# Where to find Sam Adams Triple Bock?



## dstaccone (Oct 19, 2006)

I have seen some threads with the Triple Bock. It looks interesting, I was wondering where it can be found to buy and how much it normally runs. I tried looking at the beer distributors but they had never heard of it. Is it even available in Pennsylvania? Thanks for any help.


----------



## dunng (Jul 14, 2006)

Not sure about your area, but I still have a few bottles that I picked up for $4.50 each... Shoot me a PM if interested. :ss


----------



## ResIpsa (Mar 8, 2006)

I usually can find it in my refrigerator,


----------



## cigar_joel (May 16, 2006)

dstaccone said:


> I have seen some threads with the Triple Bock. It looks interesting, I was wondering where it can be found to buy and how much it normally runs. I tried looking at the beer distributors but they had never heard of it. Is it even available in Pennsylvania? Thanks for any help.

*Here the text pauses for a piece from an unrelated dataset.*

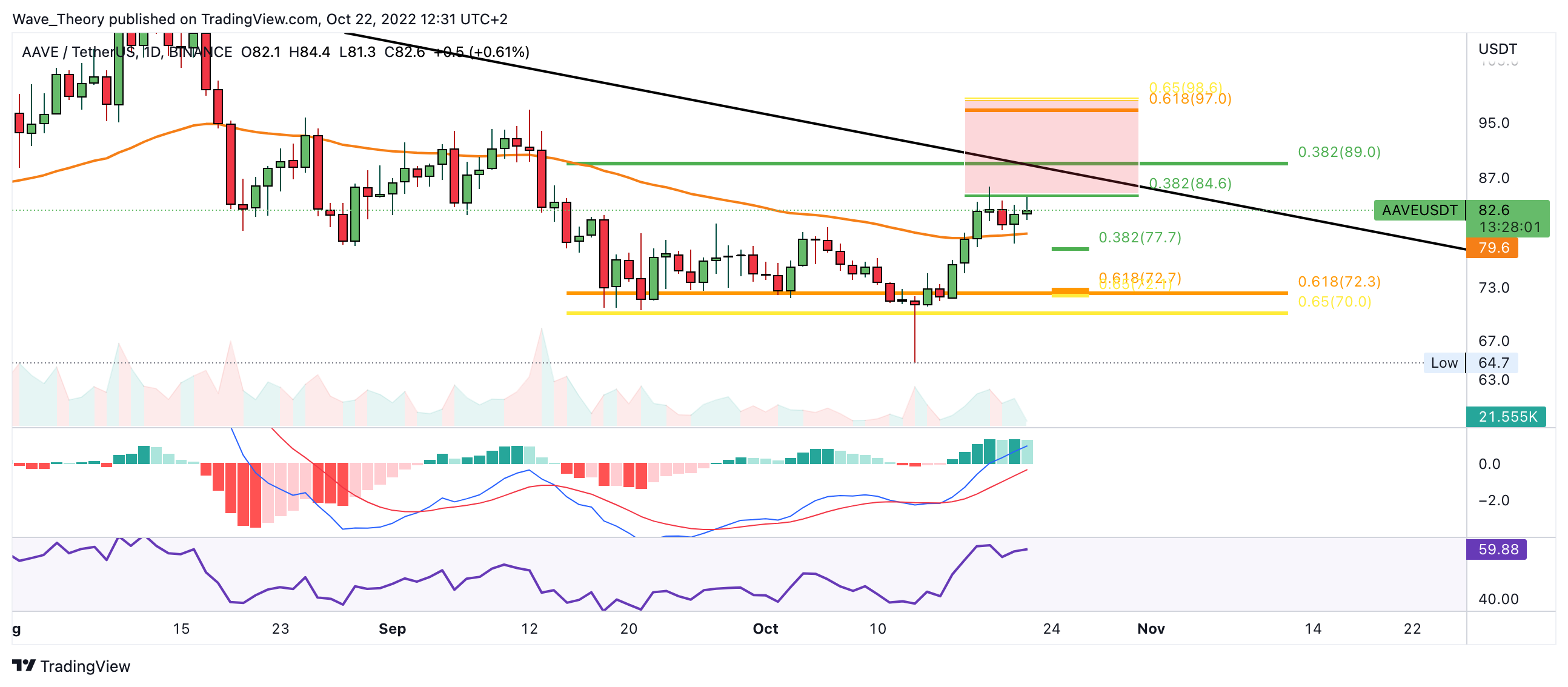 Zwischen 85 USD und 100 USD wartet jedoch signifikanter Widerstand auf den AAVE Kurs. Dort befinden sich zwei signifikante Fib Niveaus, durch welche die bärische Trendlinie verläuft. Sollte AAVE jetzt bei rund 85 USD abgewiesen werden, findet AAVE spätestens bei rund 77,7 USD und 72 USD signifikante Fibonacci Unterstützungen.

Well there is about half a bottle in my gut right now. Other than that, i would check some local alcohol stores. It runs about 3-6 bucks a bottle. If i run into some more, i will pick some up for you!!!

Joel


----------



## dstaccone (Oct 19, 2006)

ResIpsa said:


> I usually can find it in my refrigerator,


That's convenient:r


----------



## randommcsmokesalot (Dec 27, 2008)

ResIpsa said:


> I usually can find it in my refrigerator,


Should these be stored in a cool place or warm place? I read it should be served room temperature


----------